Lion Air co-founder and chief executive, Rusdi Kirana, said on Tuesday that Southeast Asia’s double-digit increase in air travel demand, spurred by economic growth and rising incomes, was set to continue.
“We think that in the next decade we will need a lot of aircraft,” he told Reuters in a telephone interview. “The market is growing very fast. We are looking, but it depends on pricing and many other factors. We are talking, but we have not made any decisions.”
U.S. aerospace analyst Scott Hamilton said however, that Lion Air was poised to order up to 100 Airbus jets, breaking Boeing’s (BA.N) dominance at Indonesia’s largest domestic airline.
Orders of 100 aircraft would be worth approximately $9 billion at list prices for 150-seat jets like the Airbus A320 or Boeing 737, but airlines usually negotiate steep discounts.
Officials with Airbus could not immediately be reached for comment.
Lion Air shot to attention in late 2010 when a provisional order for 230 Boeing jets got high billing during a visit to the world’s fourth most-populous nation by U.S. President Barack Obama, eager to play up the importance of U.S. exports.
Confirmed in February this year, the record deal took Lion Air’s order book to more than 400 planes, which it aims to use to fly across the Asia-Pacific region.
Bolstered by export credits from Western producing countries, airlines in emerging markets have been placing significant bets on air travel in a region where passenger growth outpaces that of developed nations despite some spillover from Europe’s debt crisis.
Indonesia’s average annual passenger growth is 21 percent, according to Lion Air.
If confirmed, a deal between Lion Air and Boeing’s arch-rival could be seen as a turning point after a series of orders that lifted the airline to be one of Boeing’s top customers.
Airbus, a subsidiary of EADS EAD.PA, and Boeing, have been locked in a fierce price fight for much of this year, often halving official list prices to take or defend market share, according to multiple industry sources and analysts.
Jakarta-based Lion Air competes with one of Airbus’s largest customers, AirAsia (AIRA.KL) of Malaysia, which has itself confirmed plans to order another 100 Airbus jets in addition to a total of 375 already ordered, of which 100 are now in service.
Lion Air this month also announced plans to challenge AirAsia by setting up a new, low-cost airline based in Malaysia as Southeast Asia’s growing middle class fuels demand for cheap flights.

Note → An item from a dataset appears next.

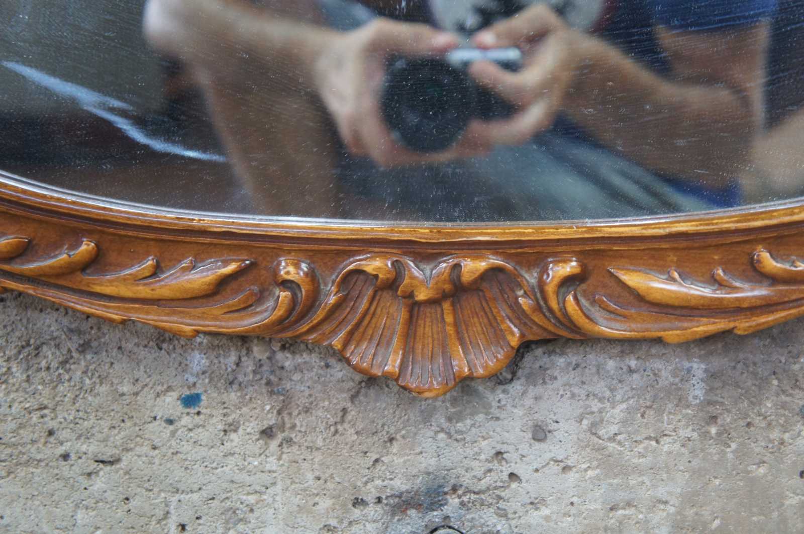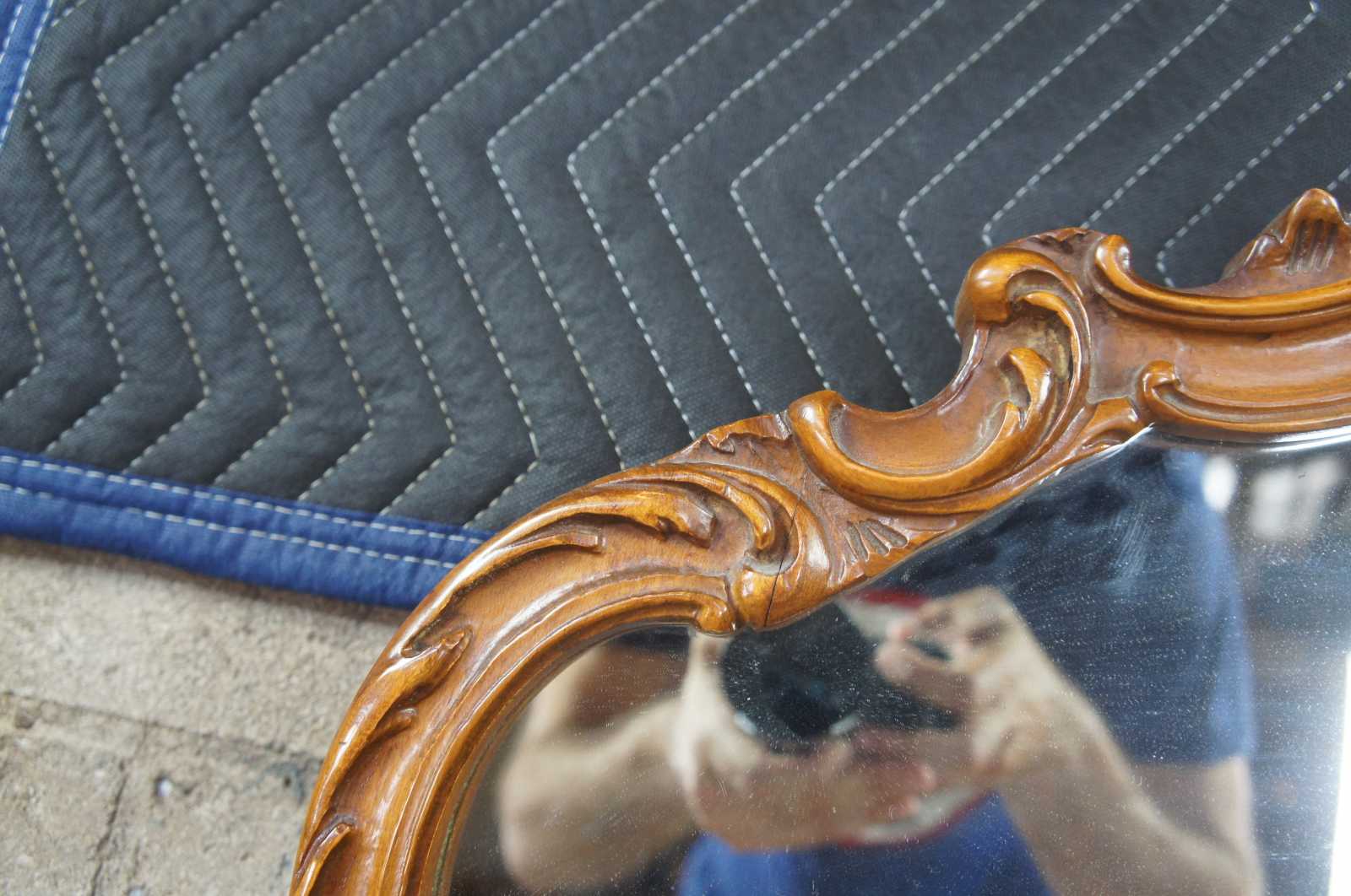 Pair of 1940s French wall mirrors. Made from walnut with ornate scalloped design.

The new carrier, Malindo Airways, will begin flights between Indonesia and Malaysia next May with a fleet of 12 Boeing 727 aircraft, which it plans to expand to 100 planes within a decade, Kirana said when announcing the launch [ID:nL1E8KB17C].
Lion Air meanwhile, says it is in talks with Boeing to buy 10 787 Dreamliners worth $1.9 billion to tap the long-haul market. The plan would extend an initial deal in June to buy five 787 Dreamliner passenger jets.